Individuals who are taking in arachidonic acid may experience:

  • Insomnia
  • Headaches
  • Soreness of the muscles and joints

However, the majority of arachidonic acid takers does not experience any side effects.

Arachidonic acid is not advisable for individuals that are not actively participating in physical activities, as well as pregnant females.  It is also not advisable for individuals with a variety of disease and conditions, such as:

  • High blood pressure
  • Asthma
  • Prostate enlargement
  • High cholesterol
  • Irritable bowel syndrome
  • Cancer
  • Heart disease
  • Diabetes
  • Any inflammatory disease

Mechanism of Work

Arachidonic Acid (AA or ARA) is a polyunsaturated omega-6 fatty acid commonly found in the dietary animal such as meat, eggs, dairy or by biosynthesis from linoleic acid.  Arachidonic acid plays an unprecedented role in repair and growth of skeletal muscle tissue, thus making arachidonic acid a very significant dietary component in muscle growth and development process. Nutritional supplements that promote the boost in strength, more muscle mass, and improved performance during training will most probably contain arachidonic acid.

Arachidonic Acid and Bodybuilding

An increase in strenuous activities has shown that it consumed the omega-6 fatty acid levels found in the skeletal muscles. Bodybuilders who use arachidonic acid as part of their supplement can greatly benefit them.  Arachidonic acid is not considered as a fatty acid, it becomes one if linoleic acid is deficient.

Arachidonic Acid and Exercise

In a study performed to 31 resistance-trained males in a randomized and double-blind manner, either with arachidonic acid (1 gram per day, n = 15) or a placebo (1 gram of corn oil per day, n = 16), that was doing a 4-day per week training for 50 days.  Positive results were obtained from the group that intakes arachidonic acid (0.3 ± 1.2 W·kg-1).   A relative increase in peak power is recorded at 7.1% and average power at 3.6% after the 50-day training period compared to the placebo group (0.2 ± 0.7 W·kg-1).   However, arachidonic acid did not directly impact muscle mass or weight lifting measures of power (bench press and leg press). The study shows an inconclusive preliminary evidence that best arachidonic acid supplements can enhance resistance training. This study was funded by Molecular Nutrition (arachidonic acid manufacturer and patent holder).

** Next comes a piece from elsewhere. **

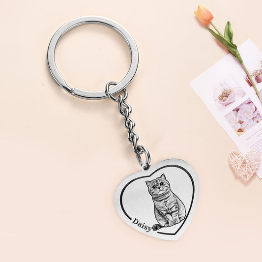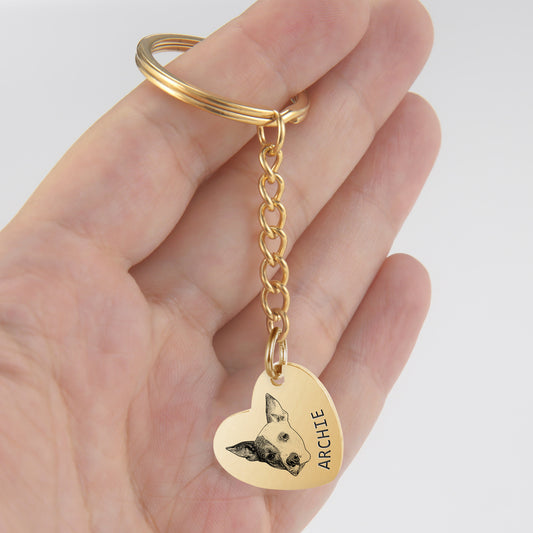 Custom Heart Pet Portrait Keychain with Name Engraved

In another study conducted to thirty recreationally trained males that participated in an 8-week, 3-day per week, resistance-training program, arachidonic acid takes showed a greater lean body mass gains and skeletal muscle thickness compared to the placebo group. The total power and strength are also greater than the placebo group.

Interaction

With the conclusion of the clinical study, total testosterone level and cortisol concentrations were both unchanged after the 50-day study period.

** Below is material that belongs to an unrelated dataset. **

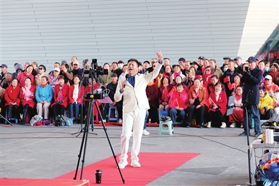11月13日,我市滨河体育中心广场歌声嘹亮、气氛热烈,太原激情广场滨河合唱团与青年男高音歌唱家魏广德百姓演唱会精彩上演。今年以来,魏广德在全国多座城市义务完成80余场公园演唱会,其露天演出形式通过网络直播吸引了10余万线上观众观看。 赵世凯 摄

Arachidonic Acid and Inflammation

Inflammation is the body’s immune system way of fighting off infection and injury.  Eccentric and concentric muscle training can also result in an acute inflammation. Some disorders can also result in inflammation such as arthritis, allergies, asthma, obesity, atherosclerosis, and others. In theory, localized inflammatory may have the anabolic effect.

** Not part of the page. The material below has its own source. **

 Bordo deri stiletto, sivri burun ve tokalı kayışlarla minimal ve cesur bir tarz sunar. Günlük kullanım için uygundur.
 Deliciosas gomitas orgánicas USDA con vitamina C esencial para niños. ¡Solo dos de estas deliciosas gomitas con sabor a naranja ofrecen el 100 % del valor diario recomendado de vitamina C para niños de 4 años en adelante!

Arachidonic acid, when oxygenated, transforms into a variety of products, and some facilitate inflammatory reactions. Arachidonic acid is known to stimulate the production of pro-inflammatory prostaglandins and leukotrienes through in the COX (cyclooxygenase), LOX (lipoxygenase) and cytochrome P450 enzyme conversion process.

However, studies are showing mixed results.  It is being argued that the intake of omega-6 polyunsaturated fatty acids may lead to a conflict between omega-6 and omega-3 metabolism that can result in a lesser production of anti-inflammatory from omega-3.  On the test conducted on the human subjects, high intakes of omega-6 created no association with the inflammatory markers elevated level.

 However, consumption of arachidonic acid is known to aggravate symptoms of joint pains or active inflammatory disease, because it is presumed that the acid is being converted to inflammatory compounds.  It is therefore suggested that individuals who have the inflammatory disease do not consume high levels of arachidonic acid.